To explore a novel strategy for balancing retinal neovascularization by assessing the role activin-like kinase receptor 1 (ALK1) plays in neovascularization in vascular endothelial growth factor (VEGF)-stimulated human retinal capillary endothelial cells (HRCECs).

HRCECs were transfected with an ALK1 gene-encoding plasmid or a pSIREN-ALK1 RNAi vector and stimulated with VEGF. The mRNA and protein expression levels of ALK1, occludin, ANG2, and ALK5 were evaluated by real-time PCR and/or Western blot analysis. Microscopy techniques and flow cytometry were used to assess the effects of enhanced levels of ALK1 on migration and proliferation and the formation of tubelike structures of HRCECs.

The level of ALK1 in ALK1-transfected cells was significantly increased compared with that in control cells. ALK1-transfected cells exhibited increased expression of occludin and decreased expression of ANG2 and ALK5, compared with expression in the control cells. HRCECs transfected with pSIREN-ALK1 RNAi exhibited decreased expression of ALK1 and occludin and increased expression of ANG2 and ALK5 compared with the control cells. Transfection with ALK1 affected the migration and proliferation of VEGF-stimulated HRCECs. ALK1 also inhibited the formation of endothelial tubelike structures, but did allow the formation of entire vessel structures.

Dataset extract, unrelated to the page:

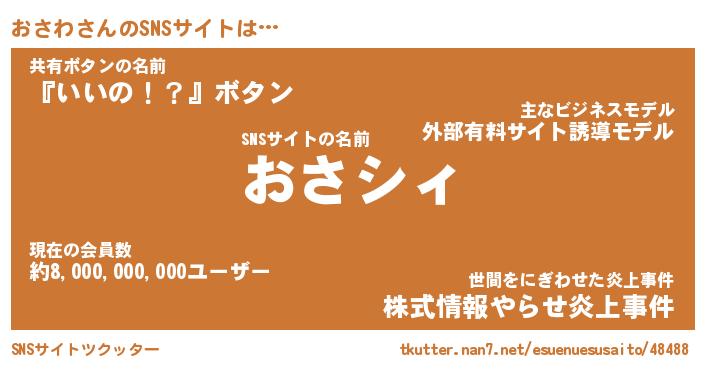 | ファンタジー風あだ名 | 『オサフェル』『エターナルオサワー』 |

Overexpression of ALK1 promoted remodeling of newly formed blood vessels and prevented further angiogenesis. These findings provide insight into the control of retinal neovascularization and demonstrate a novel strategy for maintaining a stable phase of vessel formation, allowing for effective retinal neovascularization without the common adverse effects seen in patients with diabetic retinopathy, age-related macular degeneration, and retinal vein occlusion.